Local fishing guides witnessed the incident. The two men, ages 53 and 24, both from New Boston, located southwest of Detroit, shot the eagle in a wooded area near the Bear Creek access site on the Manistee River in Brown Township. The guides immediately reported the incident to the DNR Report All Poaching hotline around 8:40 a.m. Saturday.

“I commend the tipsters who reported this crime immediately,” said Chief Gary Hagler, DNR Law Enforcement Division. “They did the right thing.” 

The two guides said that they saw the eagle flying, heard a gunshot and then saw the eagle fall from the sky. The guides reported seeing the two men who shot the eagle, about 100 yards away, picking up decoys from the ground. One of the guides approached one of the suspects and was able to get his identification. The suspect reportedly said they knew they had “messed up.”

Converse received the call from the RAP dispatcher and requested assistance from Myers and the Manistee County Sheriff’s Office. Myers and sheriff’s deputies were the first to arrive at the access site and were able to contact the two suspects as they were attempting to leave.

Converse and Myers obtained full confessions from the men. 

“They said they saw the bird coming across the sun and thought it was a goose,” Converse said. “After they shot it, they realized it wasn’t a goose. When they walked away, they knew it was still alive but claimed they had no phone service so they couldn’t call to report the eagle.”

One of the river guides escorted Converse and Myers about 1 1/2 miles downriver from the access site to where the guides believed the eagle went down. The officers hiked about 150 yards up a hill, where they found the eagle crawling on the ground just east of the intersection of Kettner and River roads. One of the sheriff’s deputies provided a dog crate to transport the eagle to Wings of Wonder.

The DNR will submit its report to the Manistee County prosecutor’s office to determine if charges will be authorized.


----------



## Wallywarrior (Apr 1, 2016)

This should be a fine in line with shooting any other bird out of season. No need to go crazy w this. Unless they can prove it was not a mistake, I will side w the the hunters. There are plenty of bald eagles around now. Between them and Canada geese I would say they are doing better than any other birds out there. 

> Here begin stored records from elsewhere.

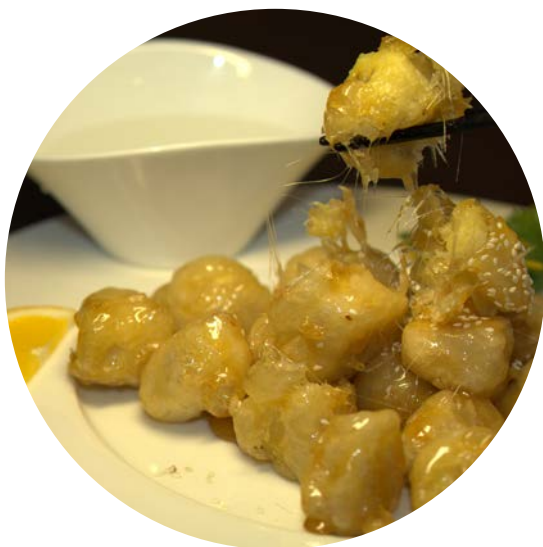
16.5. ФРУКТОВОЕ АССОРТИ В КАРАМЕЛИ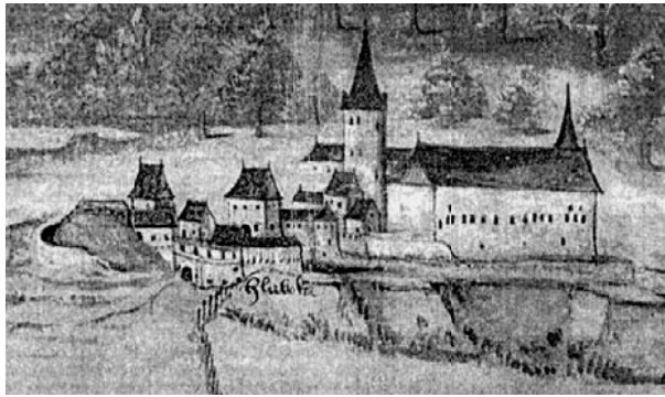
Hrad Hluboká v době okolo 16. století na výřezu dobové veduty.

Abychom mohli zvážit Přemyslovu účast na stavbě hradu na Osuli, musíme se dotknout králova vztahu k jižním Čechám a jeho zdejšího působení. Otakar II. do oblasti, kterou Vítkovci považují za vlastní, několikrát hrubě zasáhl ve snaze prosadit zde svoji autoritu. Již v r. 1263 je zahájen klášterní život ve Zlaté Koruně. Dalším počinem, který je třeba chápat jako výspu královy moci v nitru vítkovských držav, je vznikající pevnost na Osuli. Budování hradu nad Vitějovicemi plně zapadá do kontextu ostatních zakladatelských podniků Přemysla Otakara II. v tomto kraji. Jeho prvním opěrným bodem poblíž Krumlova je tedy Zlatokorunský klášter a dále od nejcitlivějšího místa pak hrad Osule. Možnou souvislost obou stavebních podniků naznačuje okolnost, že v r. 1263 nebyl dán rozsáhlý netolický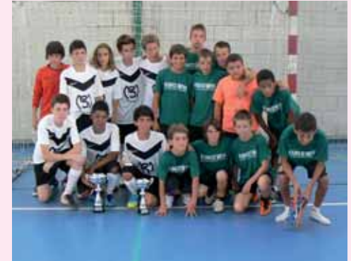
Campionat Futbol Sala Infantil

El FS Sant Esteve ha tirat endavant el Torneig de Festa Major Memorial Joan Pomar, i un 12 d'hores femení i un 12 hores infantil. En noies, les guanyadores va ser el Mataró, mentre que el Sant Esteve va quedar segon. En l'infantil, el Salaet Team es va imposar al FC Sanes.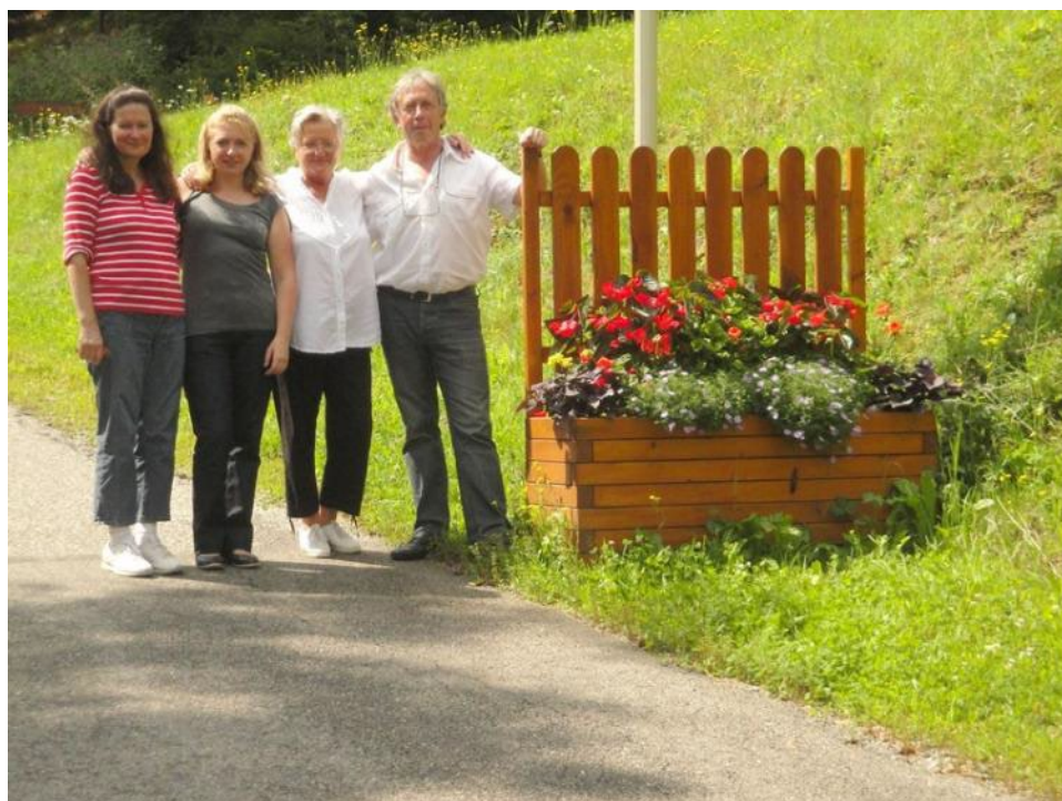
Le jury 2011

60 personnes ont été récompensées par des diplômes et bons d'achats, et, comme il se doit, cette sympathique soirée a été clôturée par le vin d'honneur offert par la Commune.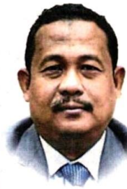
■ 阿末法兹里：市议会已提出申请，展延调涨门牌税。

他指出，市议会在发展巴生的过程中，总是会考虑到民意，并与各方合作，以实现继承巴生发展的目标，区内的民生问题也是市议会的优先事项。

Sent from my iPhone using Tapatalk


----------



## Liver and Onions (Nov 24, 2000)

Wallywarrior said:


> This should be a fine in line with shooting any other bird out of season. No need to go crazy w this. Unless they can prove it was not a mistake, I will side w the the hunters. There are plenty of bald eagles around now. Between them and Canada geese I would say they are doing better than any other birds out there.
> 
> 
> Sent from my iPhone using Tapatalk


Serious post ?

L & O


----------



## Far Beyond Driven (Jan 23, 2006)

Pick up an eagle or hawk feather and unless you're a native and the Fed will bust your ass hard. This is way worse than that.


----------



## Wallywarrior (Apr 1, 2016)

Liver and Onions said:


> Serious post ?
> 
> L & O


Yes. I guess what I’m saying is they should not be special because the are bald eagles. If they made a mistake, they should be fined in a way that they will learn from it and continue to hunt, hopefully legally. We are all quick to jump in and say we should take their license, but that’s overdoing it for a mistake. I’m over/down in Iowa and there are so many bald eagles and and hawks around that the pheasant and small game stand little chance. Not saying they shouldn’t be around because they should, but we control other predators, why do these birds get total protection. They are really just coyotes in the sky. 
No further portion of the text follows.